By Catherine Sasman
WINDHOEK
President of the Republican Party, Henk Mudge, on Friday implored SWAPO Party to “stop threatening people” and to reconcile.
“SWAPO Party should name the people they want to threaten, and if they want to reconcile, they must reconcile practically,” he said, adding, “Namibian people are peaceful; we do not want war.

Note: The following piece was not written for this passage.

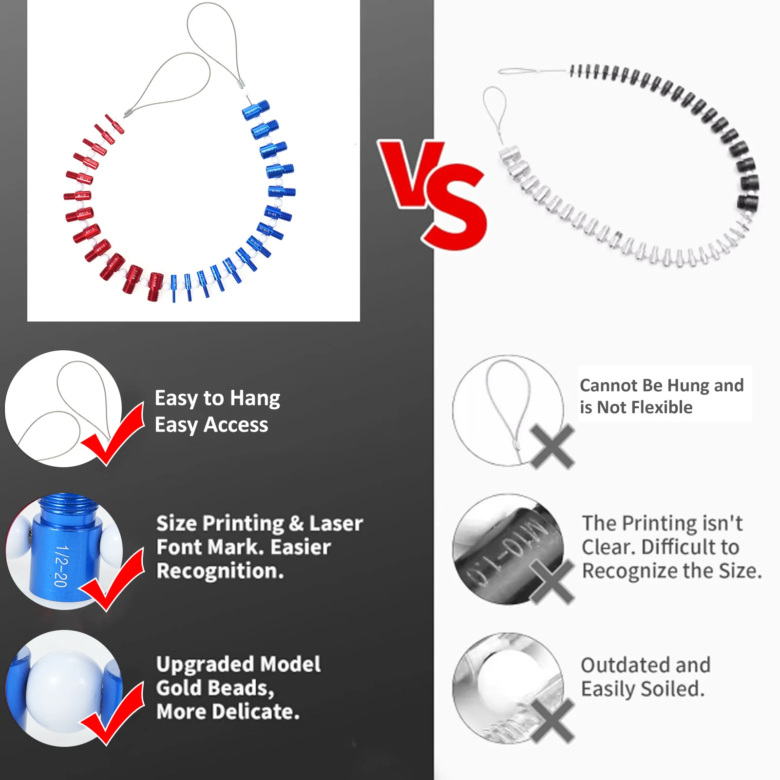 【Easy to Hang】Our nut and bolt gauge comes with a convenient hanging feature that allows you to hang it on a pegboard or tool rack for easy access.

Namibia is at peace not because of SWAPO, but despite SWAPO.”
Mudge said this in reaction to a statement made by SWAPO Party and its youth league, as well as trade unions, on the submission by the National Society for Human Rights (NSHR) to the International Criminal Court (ICC), accusing SWAPO President Sam Nujoma and three other members of having violated the human rights of Namibians during the struggle for liberation.
“When is Mr Nujoma going to speak for himself?” asked Mudge.
“Even before independence and since then, a number of organisations and individuals have been trying continuously to get information from SWAPO regarding the circumstances under which their family members went missing in exile.”
He said the only reason why people were “crying and begging” was to find out what happened to their relatives and to get “closure and stop mourning” so that they can get on with their lives.
He said the SWAPO Party statements on the ICC challenge were irresponsible, provocative, precarious and in violation of national reconciliation, as SWAPO claimed the ICC challenge is.
“If SWAPO decides to revoke their so-called policy of national reconciliation what do they plan to do and if they intend to make war, against whom do they want to do it? If they want to imprison so-called collaborators, who are these collaborators and what did they do to deserve imprisonment?” he questioned.
He continued: “It is not for SWAPO to tell us when we will have peace and stability and when we will be allowed to reconcile and when not.”
Instead, said Mudge, SWAPO Party should instead spend its time and energy on creating employment by starting sustainable projects across the country.
Mudge said the Republican Party was not coming “to the rescue” of NSHR Executive Director Phil ya Nangoloh, but Ya Nangoloh should be afforded his democratic right to have an opinion and take whatever action he deems appropriate.
He also said that Jan de Wet, former president of the Namibian Agricultural Union (NAU) who bemoaned the ICC challenge, was not representative of the previously advantaged people, and that his [De Wet’s] sentiments were shared by a “very, very small minority”.
“[Mr De Wet] should have asked his friend, Mr Sam Nujoma, why nothing happened to the two gentlemen who publicly declared that all whites must be killed.”
Ya Nangoloh, who has come under attack for the ICC challenge, has also issued a slew of reactions to the heated debates around the submission his organisation made to the international court.
He hit out at De Wet’s sentiment that the NSHR’s petition could have a destabilizing effect, saying that De Wet should “unambiguously” apologise “for the formulation, elaboration and implementation of the crime of apartheid in Namibia prior to independence, and also to reveal the identities of hundreds of Namibian prisoners of war who went missing at the hands of the apartheid regime’s security apparatus between 1964 and 1978”.
In another press release Ya Nangoloh also lashed out Metcalfe Legal Practitioners’ reaction to the ICC challenge as “a self-centered marketing tool and as hostile political propaganda that is devoid of any legal prudence”.
Metcalfe Legal Practitioners issued a statement in which it expressed its intention to start a trust fund to fight the ICC challenge on behalf of Nujoma and three others.
It also charged that the ICC challenge aims to undermine the policy of national reconciliation.
“[Metcalfe & Co] has no prior known track record of having been involved in any way whatsoever in the struggle for Namibia’s independence, or in defence of freedom fighters against the brutalities of the apartheid regime.
Nor does Metcalfe & Co have any known track record of representing poor people on a free-of-charge basis. Hence, the rationale behind the Metcalfe press release smacks of a self-serving compunction couched in ‘patriotic’ rhetoric,” snapped the NSHR.